Yesterday around 5pm, a light bulb simultaneously was ignited by not only electricity but also an epiphany.
After going Five whole days without power, running water and cell phone service, I was feeling disconnected. both the world and myself.
After going Five whole days without power, running water and cell phone service, I was feeling disconnected. both the world and myself.
A lot can change in a week huh? To get everyone up to speed. Following the freak- of -nature earthquake on the East Coast, came Hurricane Irene (said to be in the top 10 deadliest hurricanes to hit the US ever). Rhode Island was fortunate enough to not get hit dead on with the old broad, but the storm that radiated off her caused 60% of the Ocean State without electricity, and some still won't expect it until Labor Day Weekend. Of course it could of been worse, at the end of the day you realized what's important, your family and friends- and life basically - but still... it was TERRIBLE.
Not only did Irene come abruptly, so did a a job opportunity. A friend of mine gave me a lead to an opening at Konnessi, (a company he's been helping while finishing his MBA). The lead turned into a interview, which then lead to a second interview, which then lead to a job offer and a " See you on Tuesday at 9 and we will get started."
For those who have been keeping up with this blog, have most likely gathered the following: I am determined to get out of RI - want to have a career at a prestige agency - and have a career in Public Relations or Marketing. On the contrary, this job opportunity is in RI - is a small start up- and is a sales position. To my surprise all my determination for a goal I have been tirelessly working for was being thrown out the window, and I was beginning to entertain the idea of this new career path. After all this market is unforgivable, I don't have any planned interviews or ins at the moment, I am young and everyone needs stepping stones, and time is passing faster than sand in an hour glass.
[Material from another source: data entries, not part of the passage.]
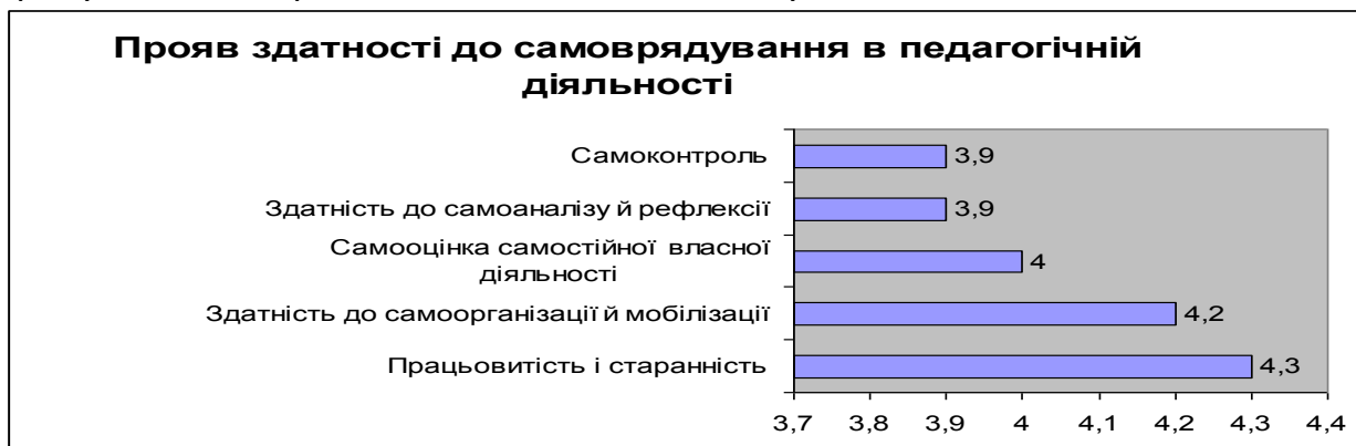
Рис. 2. Результати оцінювання вчителями рівня сформованості вмій і навичок до самоосвіти (блок «Прояв здатності до самоврядування в педагогічній діяльності»)

самоаналізу власних педагогічних дій, здійснення рефлексивної діяльності. Цей факт обумовив обов'язковість залучення учасників ШПМВІ до тренувальних вправ щодо самоменеджменту.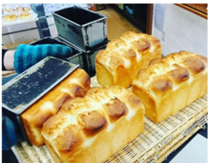
人気商品の食パン！菓子パン・調理パンも種類豊富！！

障がいがあっても住み慣れた地域で「自分らしく働き、自分らしく生きること」に理念を置き、作業支援を中心に障害特性に応じた工夫や配慮を第一に考えた支援を心がけています。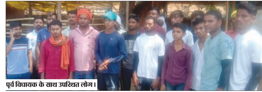
पूर्व विधायक के साथ उपस्थित लोग।

हेमंत सरकार जो वादा किए थे उस पर सरकार कार्य नहीं कर पा रही है जब तक यहां के स्थानीय युवक सरकारी कुर्सी पर नहीं बैठेंगे तब तक इस झारखंड का विकास संभव नहीं है। क्योंकि झारखंड का ऑरिजिनल झारखंडी वही है जिसके पास खतियान है इन्हीं सब मुद्दों के हेमंत सोरेन की सरकार बनी थी लेकिन सरकार बनते ही इन सब मुद्दों पर कोई कार्य नहीं हो रही है यहां तक स्थानीय युवा बेरोजगार हैं इस पर सरकार किसी प्रकार का कोई योजना नहीं बना रही है चुनाव के समय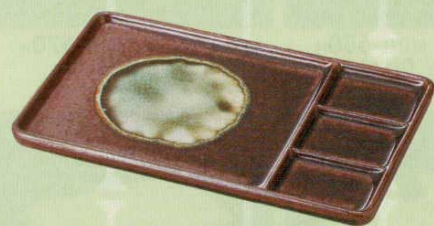
マ-24208 625210 1,700円 錆ガラス流仕切皿 60入 22.3×13.7×1.5cm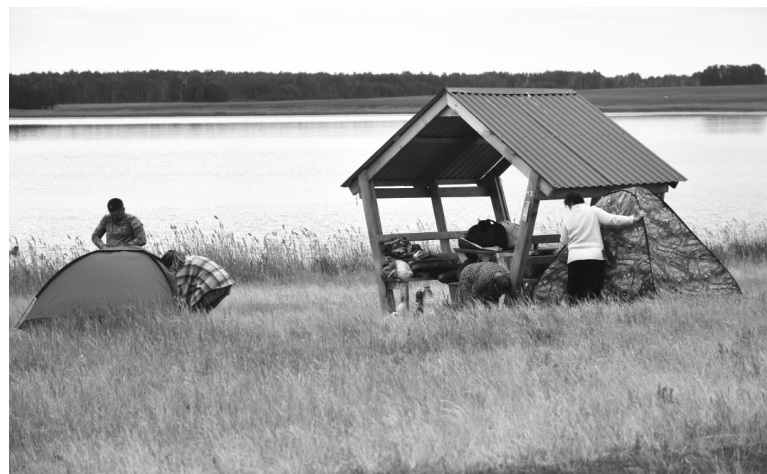
Озеро Соленое привлекательно для туристов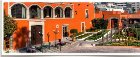
EX HACIENDA DE LOS MORALES WWW.HACIENDADELOSMORALES.COM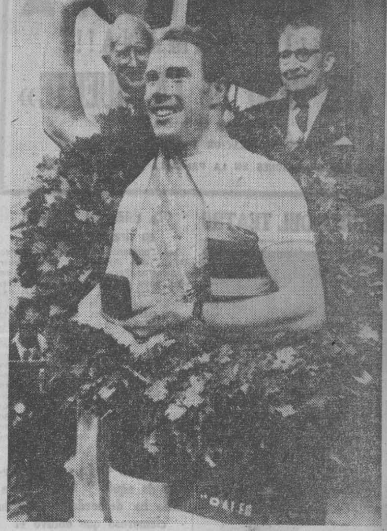
Rog Harris, ciclista inglés que ha ganado el título mundial de pista para profesionales en los Campeonatos mundiales de Ciclismo celebrados en Copenhague.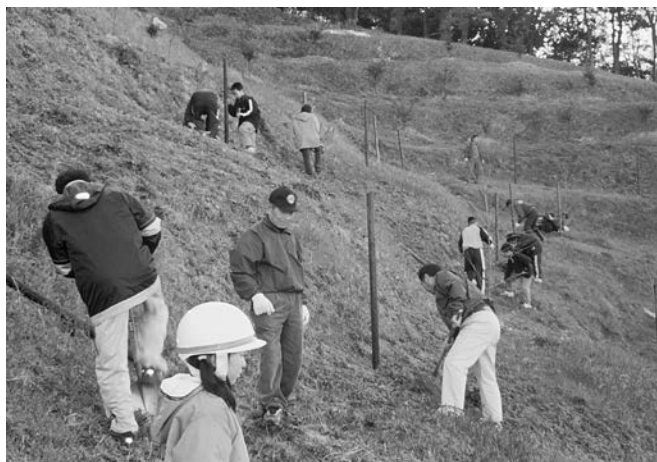
波方町海山城公園

河津桜（かわづざくら）緋寒桜と早咲き大島桜の自然交配種と考えられ、開花期が早く大柄な花が特徴。開花は二月上旬から三月上旬まで約一ヶ月。花は温かみのある淡いピンク色で、花径は約三センチメートル。地上近く（約五十センチメートル）から幹が別れ、枝は横に広がる性質がある。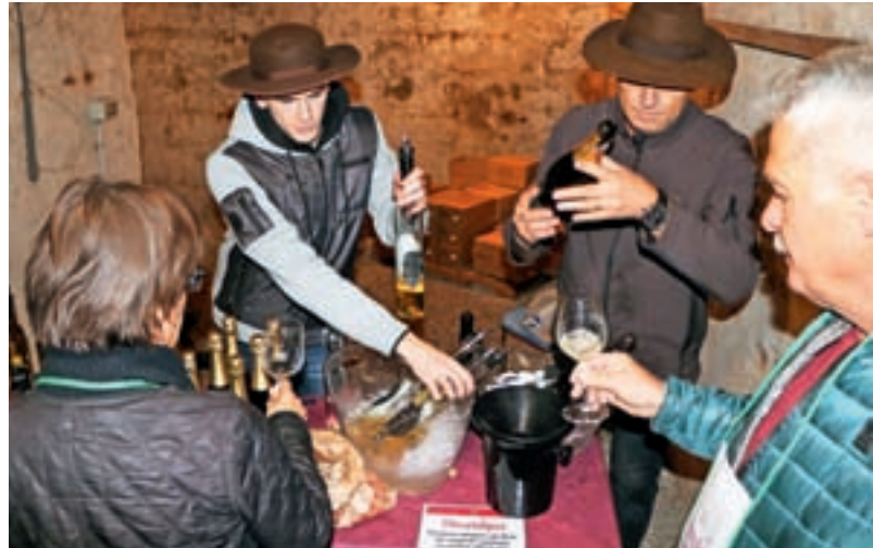
V petek, 17. novembra, se v rovih začenja Vinska pot. Organizatorji pričakujejo več kot pet tisoč obiskovalcev.

Bliža se tudi že Prešerni december, ki v stari del Kranja prinaša pestro dogajanje. Začelo se bo v nedeljo, 3. decembra, ob 17. uri s prižigom prazničnih luči, ki ga bosta pospremila koncert Moon Time Quarteta in prihod ledene kraljice s spremstvom. V nadaljevanju bodo po napovedih Petre Žibert petki in sobote vse do 22. decembra obarvani s koncertnim dogajanjem, ki ga bodo na Glavnem trgu sou-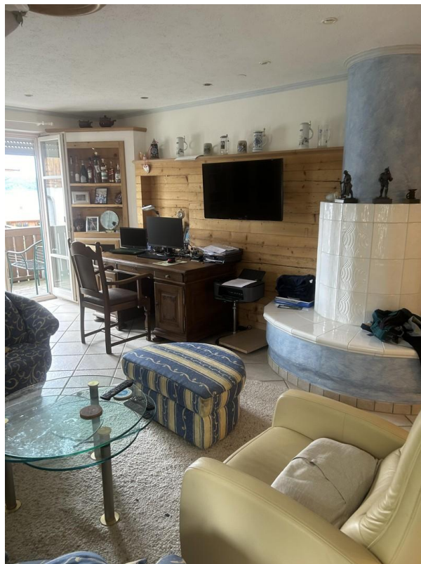
Kachelofen, Tür zum Balkon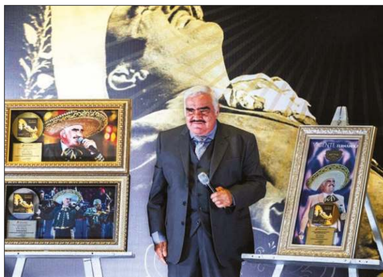
▲ Ya no bastaron los aplausos para que Chente siguiera cantando.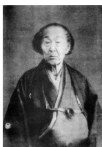
村上英俊肖像写真 (瀧田貞治『佛学始祖村上英俊』)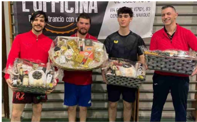
Alcuni degli atleti premiati nella quarta tappa del Circuito provinciale a Cernusco

Apprezzamenti e complimenti sono arrivati da tutte le società presenti per l'ottima organizzazione, la simpatia con la quale sono stati accolti e l'ambiente cordiale e rispettoso.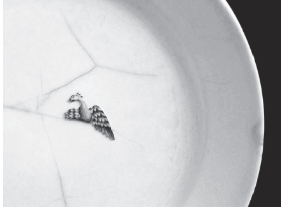
Resim 4: Caroline Slotte, Kışı Geçiren Sülün/Pheasant Spending the Winter, 2009.

çalışmalarında, gözden kaçan detayları görünür hale getirmekte ve nesnenin taşıdığı alt anlamları açığa çıkarmayı hedeflemektedir. Bu açığa çıkarma işlemi arkeolojik bir yaklaşım taşır, porselen tabakların desenlerinin bulunduğu sırlı yüzeyi kazıyarak, hikâyeyi tekrar okunur hale getirir ve o nesnenin yeniden tanımlanmasına olanak sağlar.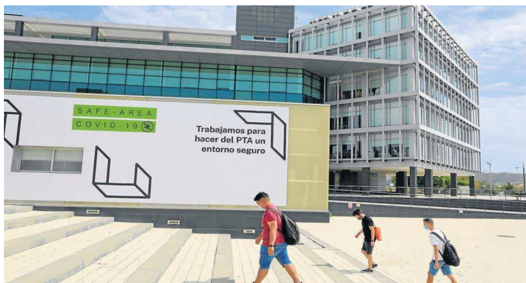
Empleados en el PTA.

En esa línea, desde Málaga Tech Park afirman que están inmersos en importantes proyectos que supondrán un nuevo revulsivo. El más destacado es la creación a inicios de este año de la Fundación Ricardo Valle de Innovación (Innova IRV), una alianza entre gran-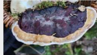
Polypore de Mounce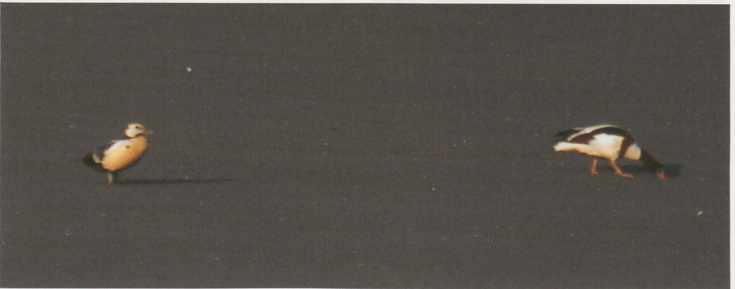
214 Grote Grijs Snip / Long-billed Dowitcher Limnodromus scolopaceus , Workumerwaard, Friesland, 11 augustus 1996 ( Sander Lagerveld ) 215 Witvleugelstern / White-winged Black Tern Chlidonias leucopterus , Houtribsluizen, Lelystad, Flevoland, 30 juli 1996 ( Piet Munsterman ) 216 Stellers Eider / Steller's Eider Polysticta stelleri en Bergeend / Common Shelduck Tadorna tadorna , Verdrongen Land van Saeftinge, Zeeland, 11 juni 1996 ( Patrick Buys )

Brabant; Schilde, Antwerpen (twee); Scholen (twee); Sint-Pieters-Kapelle, West-Vlaanderen (vijf); en Zemst-Laar, Antwerpen. Te Antwerpen-Hooge Maay, Antwerpen, vertoefde op 30 juni een mannetje Kaneeltaling Anas cyanoptera . Zwarte Wouwen Milvus migrans werden nog waargenomen te Frasnes-lez-Buissenal, Hainaut; Glabbeek, Brabant; Melsbroek, Brabant; en Munte, Oost-Vlaanderen. De enige Rode Wouw M. milvus van deze periode vloog op 1 juni over Sint-Pieters-Voeren, Oost-Vlaanderen. Naar bijna jaarlijkse gewoonte verbleef op 3 en 4 juni alweer een Slangenarend Circaetus gallicus op het schietveld te Brecht-Wuustwezel, Antwerpen. Op 5 juni vloog een Grauwe Kiekendief Circus pygargus over Zandvoorde. Van 7 tot 9 juni en op 24 juli verbleef een Visarend Pandion haliaetus te Brecht-Wuustwezel en op 16 juni één te Harchies. Roodpootvalken Falco vespertinus bleven schaars met waarnemingen te Tienen, Brabant, en te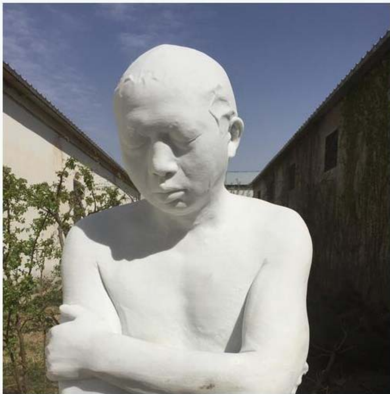
雕塑sculpture 汉白玉 white marble 2015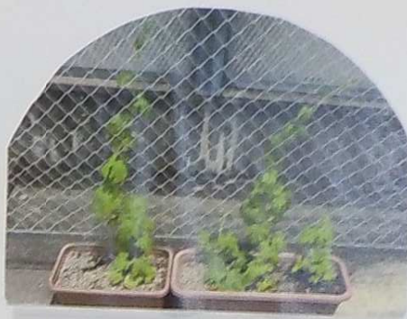
6月27日 〈3畳側芝生席〉 ゴーヤ 4本とも順調に成長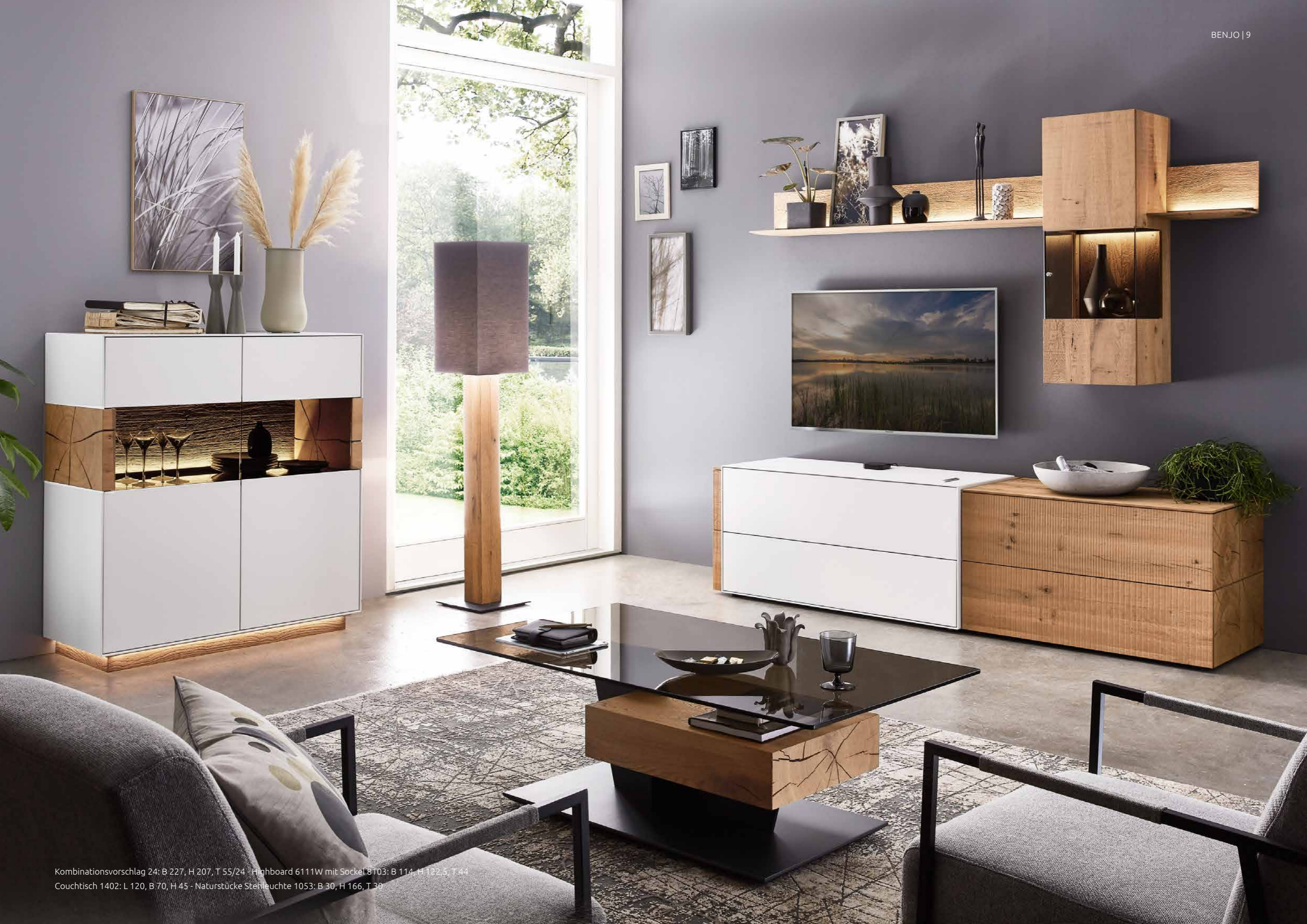
Kombinationsvorschlag 24: B 227, H 207, T 55/24 - Highboard 6111W mit Socket 8103: B 114, H 122,5, T 44 Couchtisch 1402: L 120, B 70, H 45 - Naturstücke Stehleuchte 1053: B 30, H 166, T 30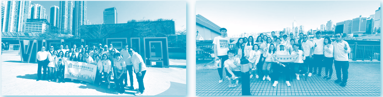
於二零二三年二月舉行的「無煙海濱萬步行」慈善步行活動

在本集團提供合約清潔服務的其中一個主要住宅項目，本集團每月進行回收活動，鼓勵住戶以玻璃瓶或罐、報紙、塑膠等回收物品換取由本集團贊助的消費品。已安排回收承辦商收集回收物品。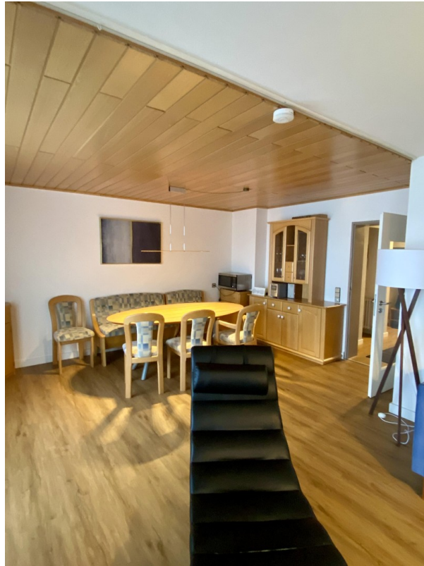
Essen - Sicht vom Wohnen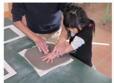
手がた採取の様子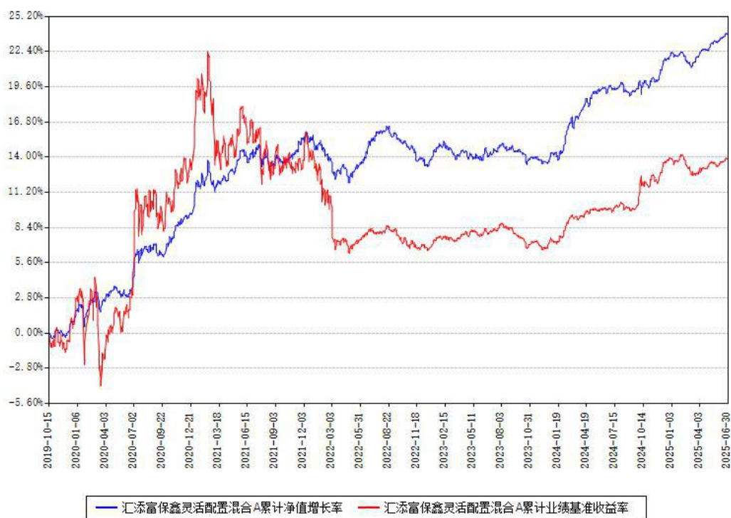
汇添富保鑫灵活配置混合A累计净值增长率与同期业绩基准收益率对比图

I weighed the pros and cons back and forth. I would be excited at one moment as I envisioned a day working for this company, and the responsibility I was accountable for, and overall dominating the human race. The excitement would then be replaced with anxiety and second guessing. The salary being offered was "peanuts" as my father said. Granted in sales, the sky is the limit to make income, but there was an undeniable risk here for what seemed to be an extensive demand for a more than 40 hr work week.
But in the end, it wasn't the amount of work being asked that bothered me, nor the pay check. It was my vision. Life throws you windows of opportunities at random times and there will always be a risk in taking them- that's the only way you get anywhere. But the one thing I hold dearly is this vision, well- you all read it in the first post. And this wasn't it. As Khiara puts it - "do you feel like you have exhausted all your options?" - and I don't. The fight in me is not even close to being tarnished.
So what did I do? The unthinkable for an inexperienced college grad living in this economy. I said I respectfully declined.
As I sat in the living room with my father, as I internally made my decision ...A sign from God, Buddha, or just the right tilt of the earth in this universe - The electricity I was lacking all week fired back on literally and figuratively all at the same time.( I am not even lying.) Not to mention Khiara was back in town and I finally had a phone that was charged long enough to be able to fill her in. After talking to her I felt grounded again...so as of today we are both officially signed up for a marketing conference in Boston in two weeks and it looks like the #jobhuntcontinues.